TASK BRIEF: From the material below, set down exactly the lines that run from the one containing "This professional navy" to the one containing "[本站讯]6月16至30日,庆祝中巴建交", minus the pictures.

---------- SUPPLIED INFORMATION ----------

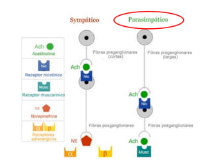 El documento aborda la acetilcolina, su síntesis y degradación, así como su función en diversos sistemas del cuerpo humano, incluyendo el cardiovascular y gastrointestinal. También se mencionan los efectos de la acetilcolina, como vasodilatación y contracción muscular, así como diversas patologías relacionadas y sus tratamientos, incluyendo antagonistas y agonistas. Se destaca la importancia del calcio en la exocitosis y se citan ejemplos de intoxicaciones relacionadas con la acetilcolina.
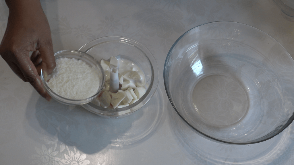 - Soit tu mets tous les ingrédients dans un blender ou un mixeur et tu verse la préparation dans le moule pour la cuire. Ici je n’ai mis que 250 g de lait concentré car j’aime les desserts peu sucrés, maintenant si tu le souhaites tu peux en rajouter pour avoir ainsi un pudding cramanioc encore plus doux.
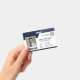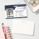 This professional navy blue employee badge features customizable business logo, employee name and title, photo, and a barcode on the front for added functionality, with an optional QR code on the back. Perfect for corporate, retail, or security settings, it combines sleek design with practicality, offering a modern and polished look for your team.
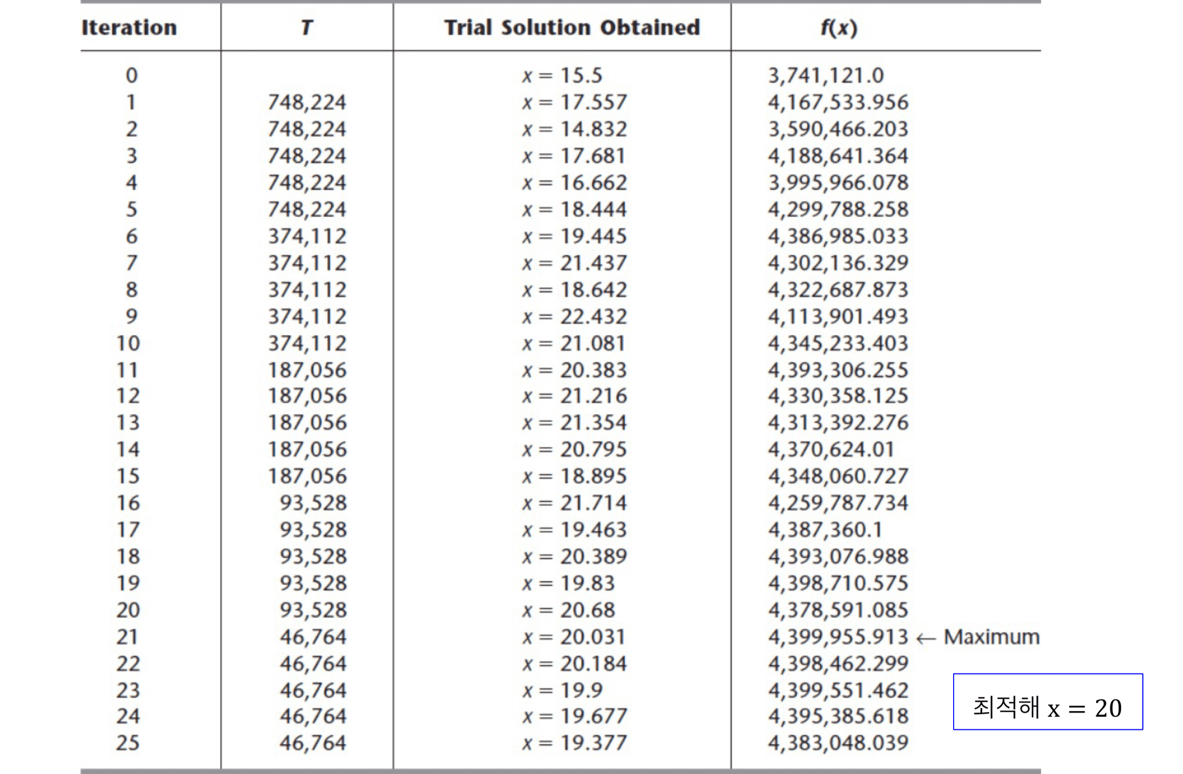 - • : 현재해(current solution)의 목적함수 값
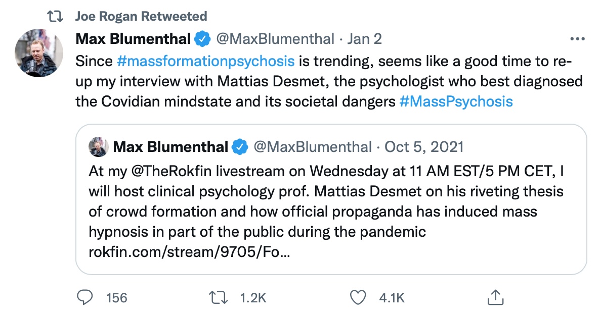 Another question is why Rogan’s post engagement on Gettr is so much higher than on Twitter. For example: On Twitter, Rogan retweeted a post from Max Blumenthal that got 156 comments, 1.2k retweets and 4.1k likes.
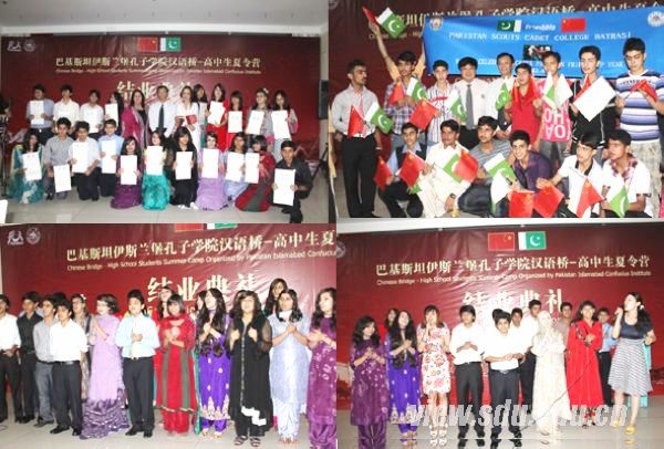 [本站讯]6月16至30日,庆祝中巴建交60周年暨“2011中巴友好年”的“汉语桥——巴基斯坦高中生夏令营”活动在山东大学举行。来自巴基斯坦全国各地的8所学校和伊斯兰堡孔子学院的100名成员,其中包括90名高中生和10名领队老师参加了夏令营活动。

----------
---------- SUPPLIED INFORMATION ----------

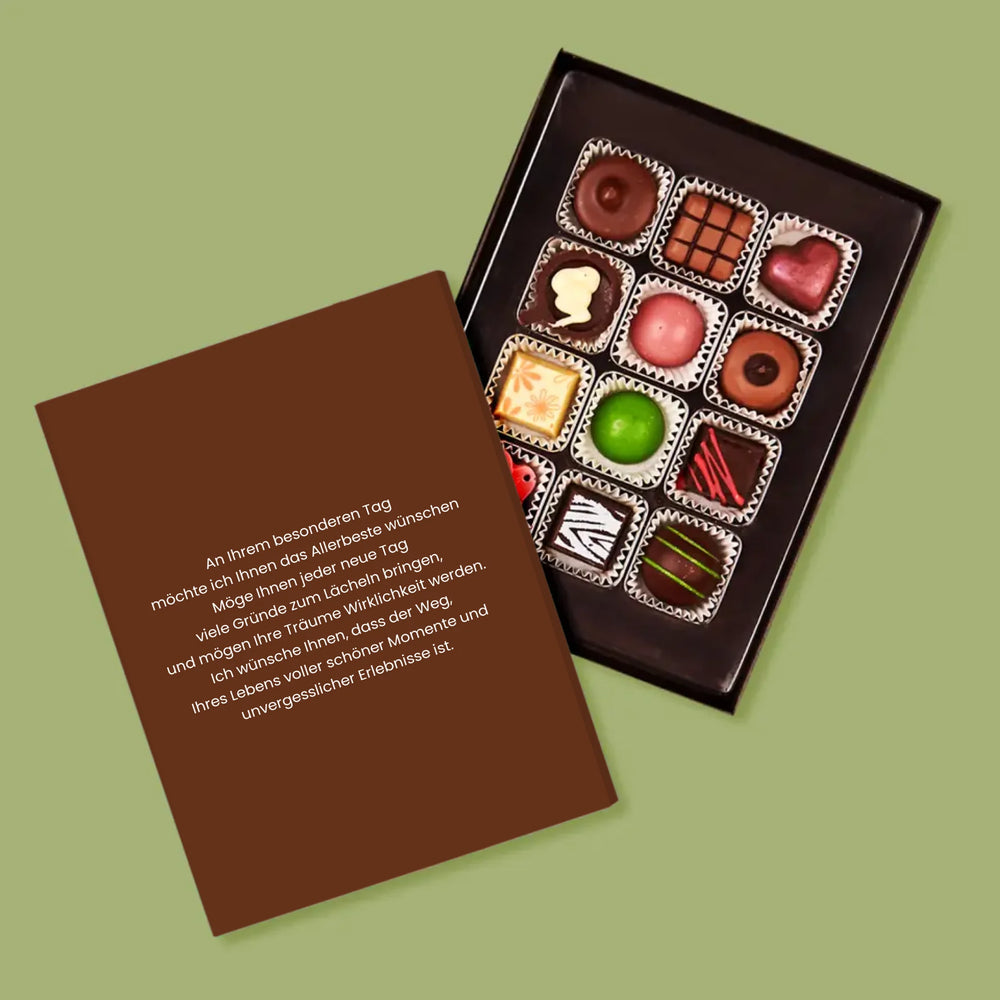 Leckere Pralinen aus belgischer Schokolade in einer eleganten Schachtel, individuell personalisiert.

----------

REPLY TO THE EXERCISE:
 This professional navy blue employee badge features customizable business logo, employee name and title, photo, and a barcode on the front for added functionality, with an optional QR code on the back. Perfect for corporate, retail, or security settings, it combines sleek design with practicality, offering a modern and polished look for your team.
 - • : 현재해(current solution)의 목적함수 값
 Another question is why Rogan’s post engagement on Gettr is so much higher than on Twitter. For example: On Twitter, Rogan retweeted a post from Max Blumenthal that got 156 comments, 1.2k retweets and 4.1k likes.
 [本站讯]6月16至30日,庆祝中巴建交60周年暨“2011中巴友好年”的“汉语桥——巴基斯坦高中生夏令营”活动在山东大学举行。来自巴基斯坦全国各地的8所学校和伊斯兰堡孔子学院的100名成员,其中包括90名高中生和10名领队老师参加了夏令营活动。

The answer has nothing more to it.